There are numerous books and tutorial papers on the theory and practice of SVM (Scholkopf and Smola 2002; Cristianini and Shawe-Taylor 2000; Muller et al. 2001; Chen et al. 2003; Smola and Scholkopf 2004; Deng et al. 2012). The aim of this chapter is to introduce the main SVM models and discuss their main attributes in the framework of supervised learning.

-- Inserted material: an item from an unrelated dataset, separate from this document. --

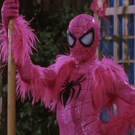 Homem-Aranha vestido com um traje rosa com pelos e segura um taco de beisebol.

The rest of this chapter is organized as follows: Sect. 2 describes the separable classifier case and the concept of kernels; Sect. 3 presents the non-separable case and some related SVM formulations; Sect. 4 discusses some practical computational aspects; Sect. 5 discusses some related concepts and applications; and Sect. 6 concludes with a discussion.

2 Hyperplane Classifiers

The task of classification is to find a rule, which based on external observations, assigns an object to one of several classes. In the simplest case, there are only two different classes. One possible formalization of this classification task is to estimate a function f : R^N → {−1, +1} using input-output training data pairs generated identically and independently distributed (i.i.d.) according to an unknown probability distribution P(x, y) of the data (x₁, y₁), …, (x_n, y_n) ∈ R^N × Y, Y = {−1, +1} such that f will correctly classify unseen examples (x, y). The test examples are assumed to be generated from the same probability distribution as the training data. An example is assigned to class +1 if f(x) ≥ 0 and to class −1 otherwise.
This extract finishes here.